Prior Art Discussion There are a large number of different types of heat exchangers in general use. In shell-in-tube type heat exchangers one fluid passes through tubes extending through a shell and another passes through the shell. Heat is transferred between the fluids as they flow through the tubes and the shell. In plate type heat exchangers a plurality of plates are sandwiched together and heat transfer occurs across the plates. One advantage of plate heat exchangers is that they can be readily opened and the plates separated for cleaning.

Conventional heat exchangers are generally expensive. Further, most are not suitable for use with fluids which may contain solid/particulate material such as waste products. Plate heat exchangers can be used for such fluids, however they regularly become clogged and must be opened for cleaning. Such clogging also leads to a reduction in heat transfer efficiency.

Another problem with existing heat exchangers is that a limit is imposed on efficiency because of the boundary layer of little or no fluid movement where the fluid contacts a heat exchanger wall. An approach to reducing depth of the boundary layer is to increase flow rate. However, this results in higher pressures in turn leading to a requirement for thicker (and therefore less efficient) walls and for higher energy input. Higher flow rates also decrease the residence time for heat

transfer. Thus, for a given heat exchanger construction the major control parameter is fluid flow rate, chosen for a desired trade off of boundary layer thickness and residence time.
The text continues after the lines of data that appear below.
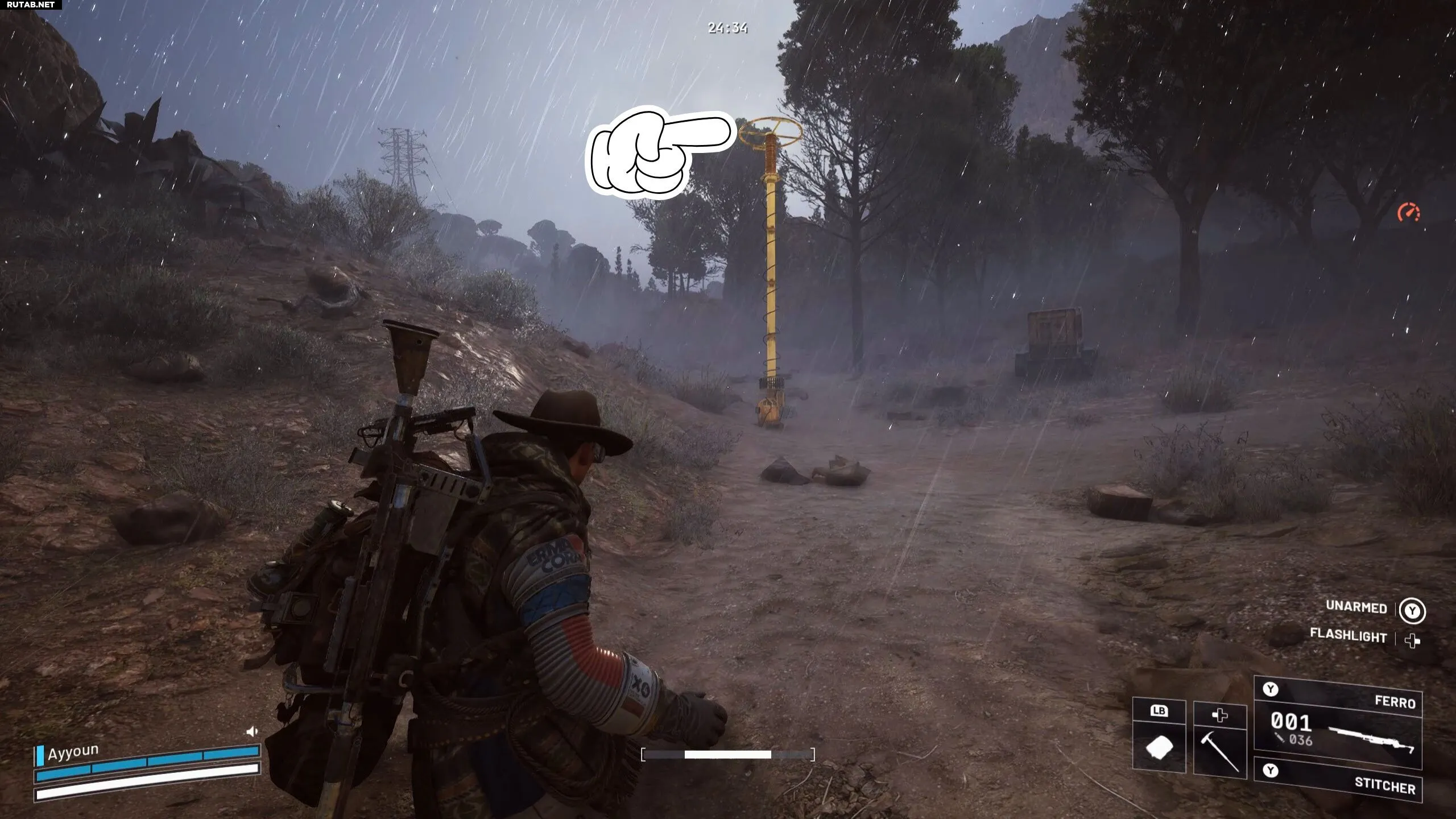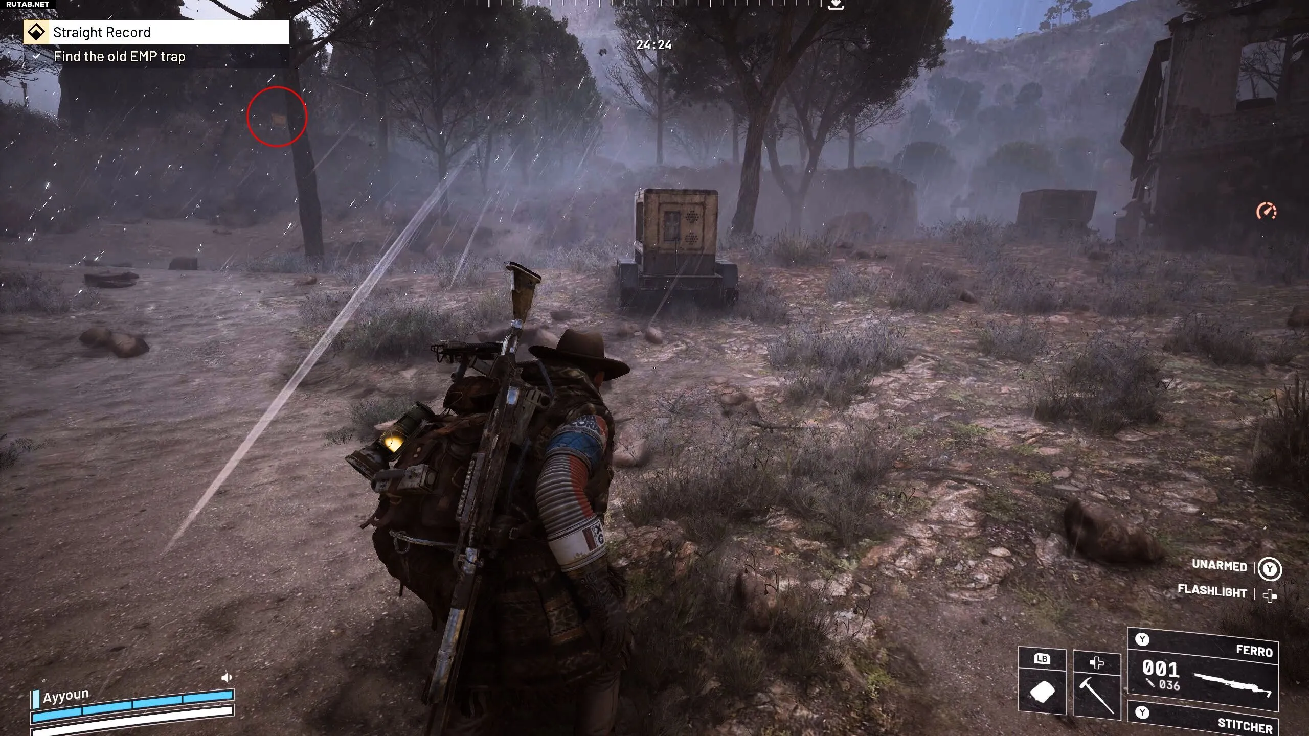 После прибытия на Победоносный хребет следуйте по обломкам на земле, чтобы найти электрический столб с желтым свечением. Это и есть старая ЭМИ-ловушка, с которой вам нужно взаимодействовать, чтобы отключить её.
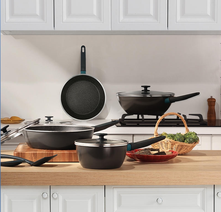 特殊工艺 ::1.不粘炒锅30cm;2.不粘奶锅18cm,3.不粘煎锅24cm;4.小号硅胶锅铲
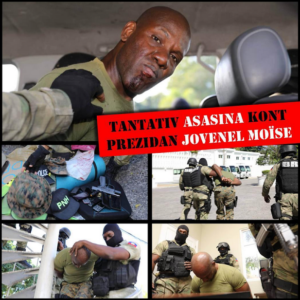 CET EX POLICIER ARRETÉ ÉTAIT AU BATIMENT DE LA NATCOM 10 MINUTES AVANT SON ARRESTATION ET SERAIT UN FORMATEUR DANS LA COMPAGNIE DE SÉCURITÉ DE YOURI LATORTUE. IL ÉTAIT SORTI DE LA NATCOM POUR RECEVOIR UNE FORTE SOMME D’ARGENT EN CASH SELON UN POLICIER DU SERVICE SECRET DU PALAIS NATIONAL.
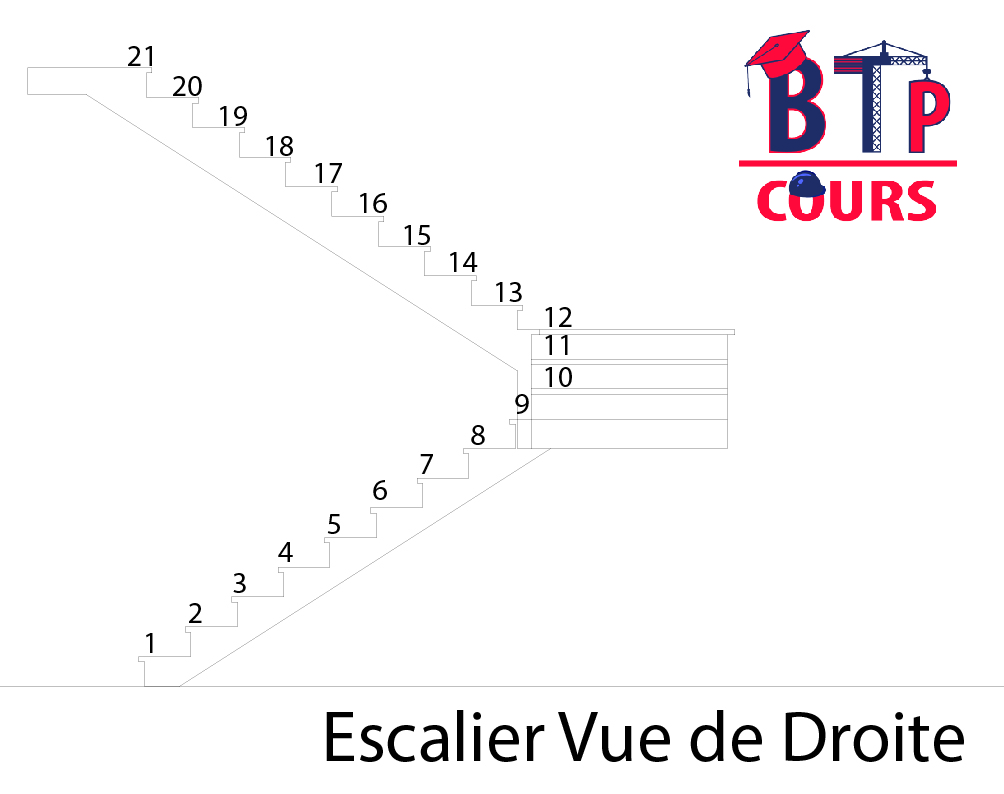 - Le reculement: longueur de l’escalier projetée au sol. Le reculement définit l’encombrement de l’escalier.
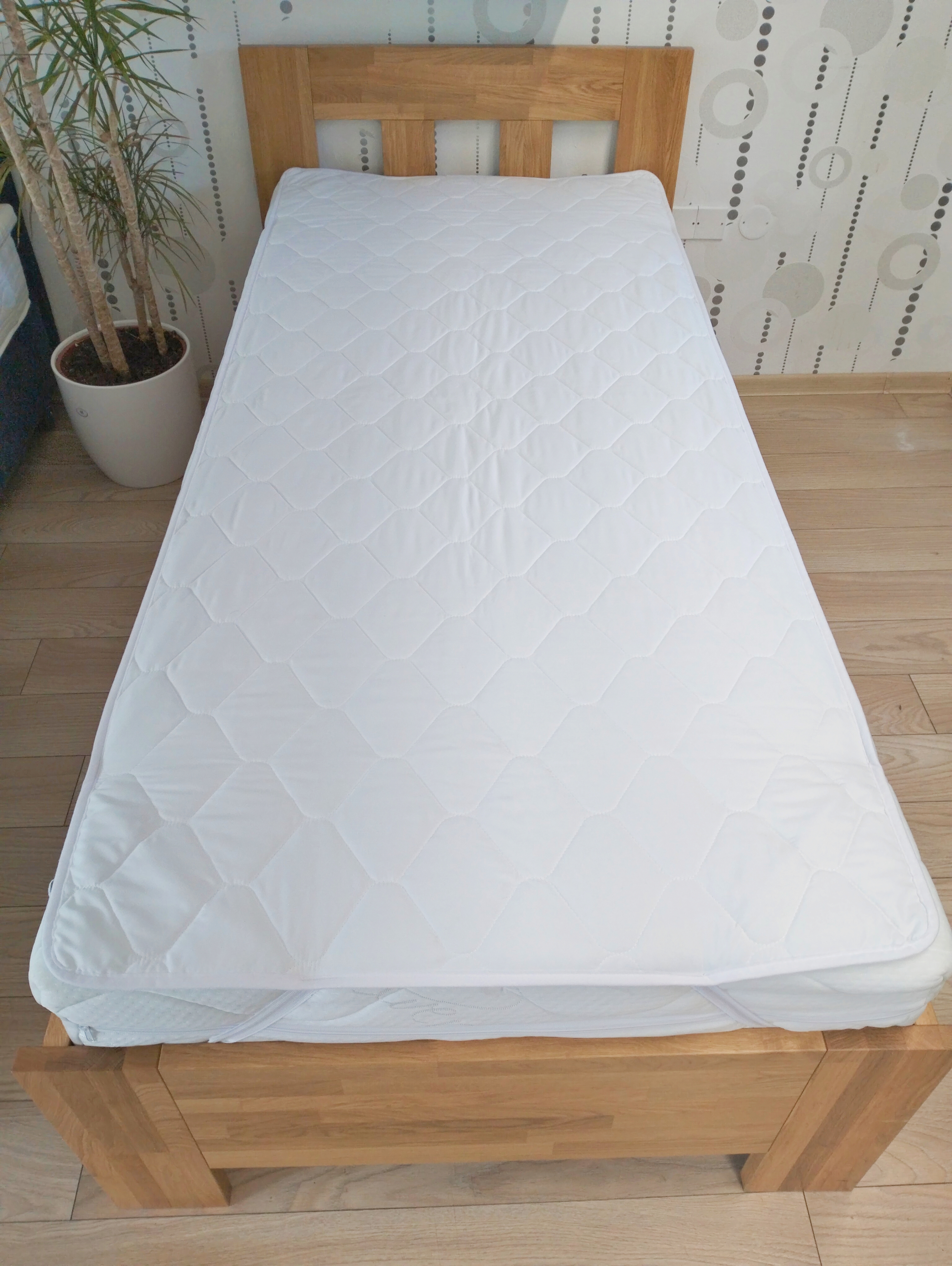 90% našich zákaznikov si rovno k matracom automaticky hneď doobjednáva antibakteriálny protiroztočový chránič matraca, ktorý šijeme z moderného trojvrstvového mikrovlákna. Chránič sa dáva navrch matraca, po rohoch má napínacie pásy a upne sa o roh matraca a je na pevno, nešmýka sa po povrchu matraca. Chráni matrac pred roztočami, baktériami, vlhkosťou, plesňami, čím predlžujeme životnosť matraca a zvyšujeme hygienu lôžka, pretože mikrovlákno je taká textília, ktorá dokáže absorbovať pot, špinu, baktérie, odumretú pokožku, vlasy, lupiny. Jednoduchá údržba chrániča, perieme na 40°C, podľa potreby, dvakrát do mesiaca. Chránič nie je investícia na pár dní alebo na týždeň, ale máte to na roky. Určite je to vec na nezaplatenie.
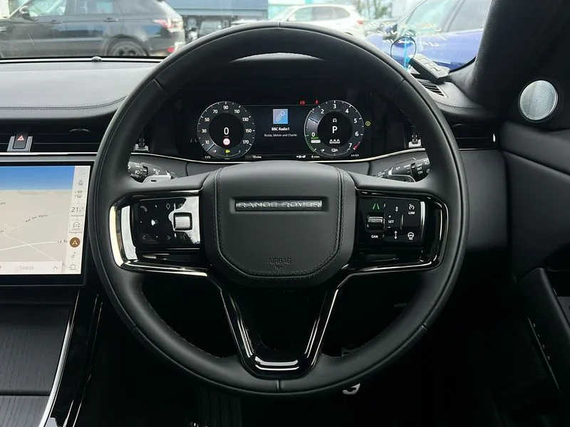 • 11.4" touch screen • 3D 360 degree surround camera with wade sensing • Adaptive cruise control • Android Auto • Apple car play • Blind spot assist • Bluetooth connectivity • Brake pad wear indicator warning light • Driver condition monitor • eCall emergency system • Eco mode • Electronic power assisted steering (EPAS) • Front and rear parking sensors with auto brake • InControl remote • Interactive driver display • Land Rover InControl apps • Lane keep assist • Pivi pro connected includes diamond pivi variant, smart settings, connected navigation pro, nuance speech licence • Powered tailgate/boot lid • Rear collision monitor • Rear traffic monitor • Tailgate • Traffic sign recognition with adaptive speed limiter • Voice control system • Wireless device charging • Digital Audio Broadcast radio-DAB • Steering wheel mounted controls • Acoustic laminated windscreen • Auto headlights • Auto high beam assist • Automatic headlight levelling • Electric windows with one touch open/close and anti trap • Flush deployable exterior door handles • Front and rear recovery eyes • Heated rear window with timer • Heated washer jets • Heated windscreen • LED 3rd brake light • LED headlights with signature DRL and LED tail Lights • Power fold, auto-dimming, heated door mirrors with approach lights and auto dimming driver side • Rain sensing windscreen wipers • Rear animated directional indicators • Rear fog lights • Rear side wing doors • Rear wiper • Tailgate spoiler • Winter wiper park position • 12 way driver memory and 10 way passenger electric front seats with 2 way manual headrest + 4 way lumbar support • 40:20:40 split folding rear seats with centre headrest and armrest • Bright metal pedals • Carpet mats • Chrome tread plates with range rover branding Includes stainless steel loadspace scuff plate with etched graphic • Customer configurable single point entry • Front and rear cupholders • Heated front seats • Heated steering wheel • Isofix system on outer rear seats • Manually adjustable steering column • Overhead lighting console • Overhead stowage for sunglasses • Passive front head restraints • Rear air vents • Rear head restraints • Satin chrome gearshift paddles • SE Grained leather upholstery • Single passenger seat • Standard steering wheel with Moonlight Bezel • Sunvisors with illuminated vanity mirrors • Twin sliding front centre armrest • All terrain progress control • Electric rear axle drive • Large fuel tank • Passive suspension • Public charging cable • Terrain Response 2 • Power socket pack 2 - Evoque • 3 rear 3 point seatbelts • Anti-lock braking system (ABS) • Brake hold function • Customer configurable autolock • DSC - Dynamic Stability Control • Electronic brake force distribution • Electronic parking brake • Electronic traction control • Emergency braking • Front and rear seatbelt reminder • Hill descent control • Hill launch assist • Low traction launch • Occupant protection assist • Passenger seat occupant detector • Power operated child locks • Roll stability control • Six airbags - Driver and passenger airbags/driver knee airbag/front side airbag and curtain airbags • Torque vectoring brake • Tyre pressure monitoring system • Alarm • Immobiliser • Intrusion sensor • Keyless entry • Locking wheel nuts • All season tyres
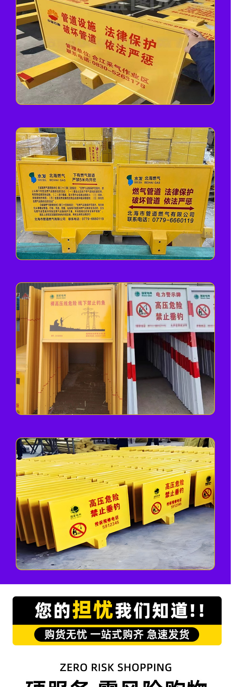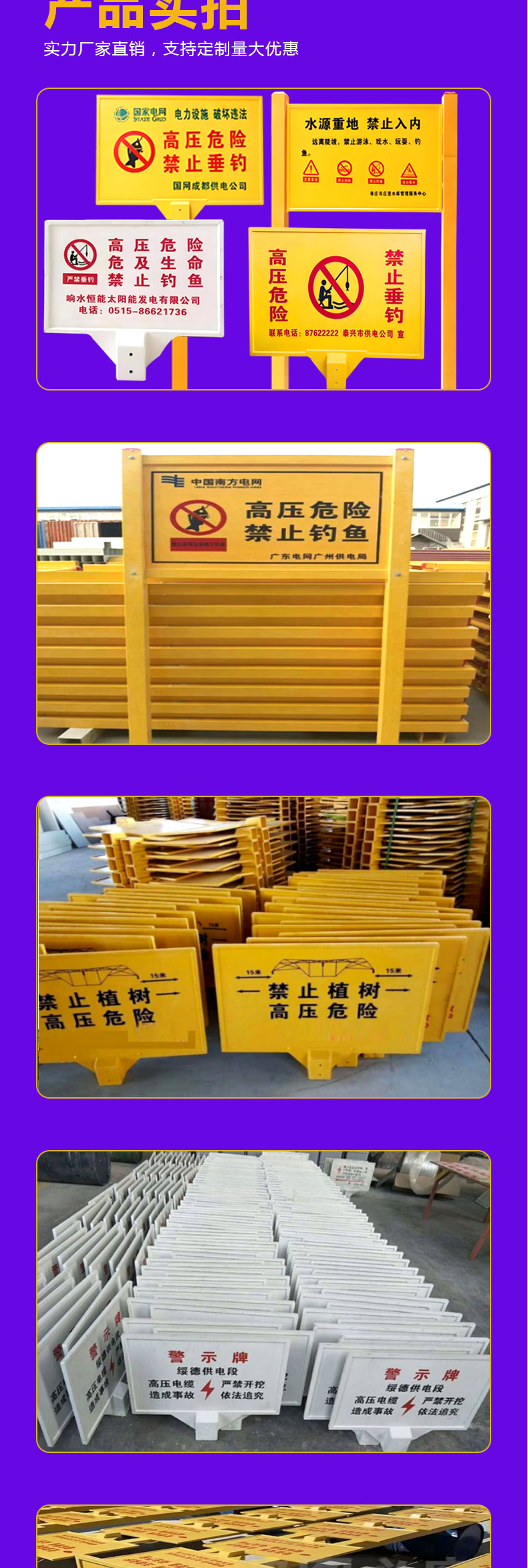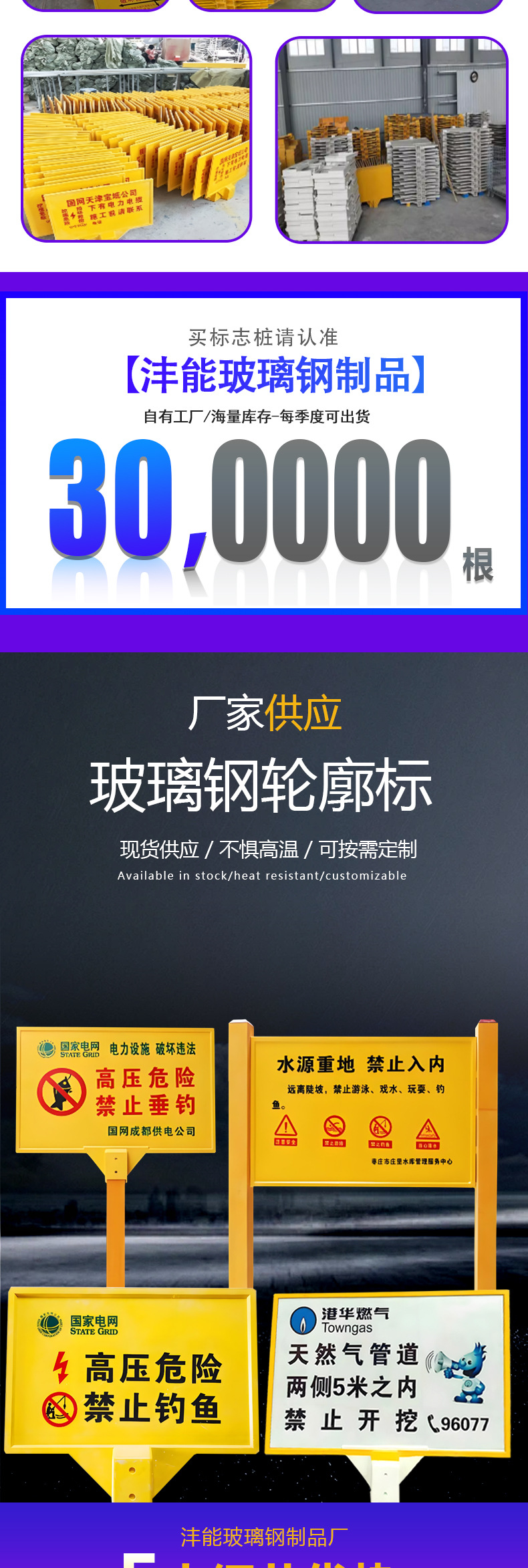 유리섬유 경고 표지판, 케이블 표지판, 단일 및 이중 기둥 표지판, 지하 보호 반사 표지판스토어 가기
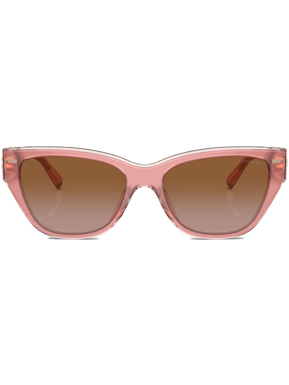 cat eye sunglasses An oversized take on an iconic shape, these Coach cat eye sunglasses offer full UV protection. They're finished with the brand's 'C' hardware at the temple for a heritage touch. Highlights - Pink - Acetate - Gradient lenses - Logo detail at temples - Chunky arms - Curved tips - These glasses come with a protective case. Made in United States Composition Acetate 100% SIZE & FIT Measurement Arm Length 5.7 in(14.5 cm) Bridge Width 0.62 in(1.6 cm) Lens Diameter 2.2 in(5.6 cm)

The invention is directed towards providing an improved heat exchanger.

SUMMARY OF THE INVENTION According to the invention, there is provided a heat exchanger comprising at least two fluid pathways, wherein the pathways are at least partially separated by a flexible membrane.

In one embodiment, the membrane is of plastics material.

In another embodiment, the membrane is of plastics film material.

In a further embodiment, the heat exchanger further comprises a flow controller for causing contra-flow in adjacent pathways.

In one embodiment, the flow controller comprises a one-way valve for each pathway.

In another embodiment, the flow controller applies pulses to fluids in the pathways to cause the contra-flow.

In a further embodiment, the flow controller propagates waves in a liquid to cause the contra flow.

In one embodiment, the flow controller propagates waves in an external liquid surrounding at least one pathway.

In another embodiment, the flow controller propagates waves in an internal heat transfer liquid.

In a further embodiment, the membrane is sufficiently flexible to allow transfer of pressure from a pathway to an adjacent pathway via the membrane.

In one embodiment, the pathways comprise tubes of flexible membrane material immersed in an external liquid contained within a housing.

In another embodiment, the external liquid is one of the heat transfer liquids.

In a further embodiment, the heat exchanger comprises an actuator for applying a wave pattern to the membrane.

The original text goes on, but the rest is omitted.